United States District Court, S.D. Indiana, Terre Haute Division

January 29, 2016

MITCHELL BARNES, Plaintiff,
v.
BRIAN DAWSON Defendant.

          ORDER

          LARRY J. McKINNEY, JUDGE United States District Court

         Plaintiff Mitchell Barnes (“Plaintiff Barnes”) filed his complaint against Defendant Brian Dawson (“Defendant Dawson” or “Dawson”) in August of 2013. After appropriate Court screening, his Court-ordered Amended Complaint was filed in November. After several failed attempts to secure waiver of service, the Clerk of the Court issued a summons, which the Marshal served upon Defendant Dawson on October 21, 2014. Defendant Dawson did not respond to the Amended Complaint.

         Plaintiff Barnes moved for and was granted an Entry of Default against Defendant Dawson on January 18, 2015. Defendant Dawson was served with the Entry of Default at his place of employment, the Vigo County Sheriff's office. Defendant Dawson was then sent an order from this Court dated April 7, 2015, setting a Status Conference. This order was also sent to his place of employment. Defendant Dawson did not attend.

         On June 22, 2015, the Court received notice from the Vigo County Sheriff's office that Dawson had left the Sheriff's office on April 14, 2015; the Sheriff's office also gave the Court Dawson's Vigo County address. As a result of the filing of the change of address, on June 29, 2015, the Court mailed the docket sheet, the Amended Complaint, the return of service, the entry granting the Motion for Clerk's Entry of Default, a January 28, 2015, entry regarding a request for the entry of a default judgment, indication that an evidentiary hearing would be necessary to determine the amount of damages, and a minute entry from a magistrate judge conference setting a damages hearing on the Motion for a Default Judgment for September 22, 2015.

         This Court held the damages hearing on September 22, 2015, as scheduled and rendered judgment in Plaintiff Barnes' favor in the amount of $75, 000.00 compensatory and $150, 000.00 punitive damages. Defendant Dawson did not attend, nor did he ever file a pleading of any kind in this matter. The next day, on September 23, 2015, the Court entered Judgment in favor of Plaintiff Barnes and against Defendant Dawson.

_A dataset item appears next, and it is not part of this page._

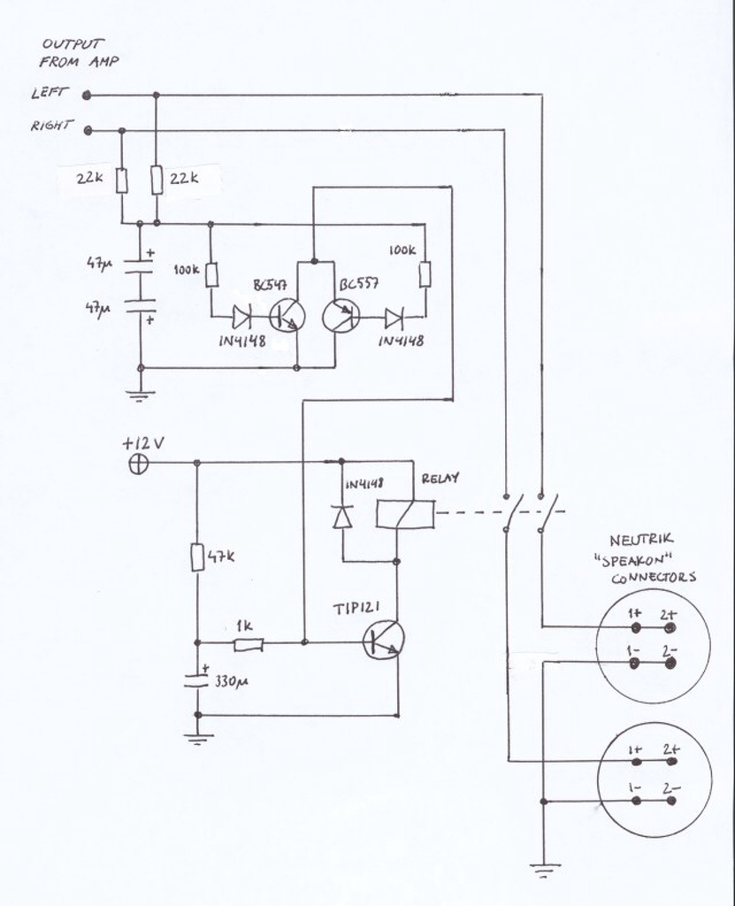 Az alabbi hangfalvedelmet kötöttem be az EA6383s erösitömbe. Bekapcsolas utan a rele nem huz be csak akkor ha a vegfokbol erkezö jelet ( bal-/jobb) kiforrasztom. Megmertem a vegfokbol erkezö vezetekeket elöször a GND-hez viszonyitva majd a +34v hoz viszonyitva. Az elsö esetben 0V-t mertem de a +34-hez kepest pedig -34V-ot. Nem tudom mi lehet a problema, a pozitiv taplalast a +34- re kötöttem, a minuszt a GND-re. Lehet hogy nem jol kötöttem be? Ugy tudom hogy egyaltalan nem szabad normalis esetben egyenfeszültsegnek lennie a vegfokok kimenetein. Egyebkent teljesen normalisan müködik az erösitö szepen szol nem melegszik semmi. Kerlek ha van valakinek valamilyen ötlete segitsen! Köszi elöre is!

         On October 22, 2015, Defendant Dawson, by counsel, entered an appearance and has moved to have the default judgment set aside, has asked for a new trial, and has asked that this Court reconsider its order and judgment of default. Dawson seeks to invoke the benefits of Rules 60(b), 59(a) and 59(e) of the Federal Rules of Civil Procedure (“Rules 60(b), 59(a) and 59(e)”); but the provisions of Rule 59 do not apply here. The appropriately invoked rule is Rule 60(b) as referred to by Rule 55(c). Under Rule 60(b), Defendant Dawson must establish mistake, surprise, or excusable neglect. In addition he must demonstrate a meritorious defense.

         Defendant invokes the surprise and the excusable neglect provisions of the Rule. Defendant Dawson asserts that he was surprised by the entry of default judgment and that his failure to respond to the notices from the Court is a result of excusable neglect. Dawson acknowledges being served with Plaintiff Barnes' Amended Complaint on October 21, 2014. He gave the papers to the Sheriff's office manager and believed the papers would be forwarded to the Sheriff's attorneys for processing and that the County would provide him with representation. He did not check at any time with either the Sheriff's office, the County Attorney's office, or with anyone else about the progress of the case. He asserts further that he was unaware that the suit named him as a defendant in his individual capacity. He alleges that the reference in the complaint to him as Sheriff Dawson confused him. He asserts that he justifiably relied upon this procedure and justifiably relied upon the County Attorney to provide his defense. Defendant Dawson asserts that the only notice he ever received of this case was the service of the Amended Complaint by the U.S. Marshal's service and the notice of damage hearing he received after the hearing had been held. Further, he provides his affidavit in support of his meritorious defense.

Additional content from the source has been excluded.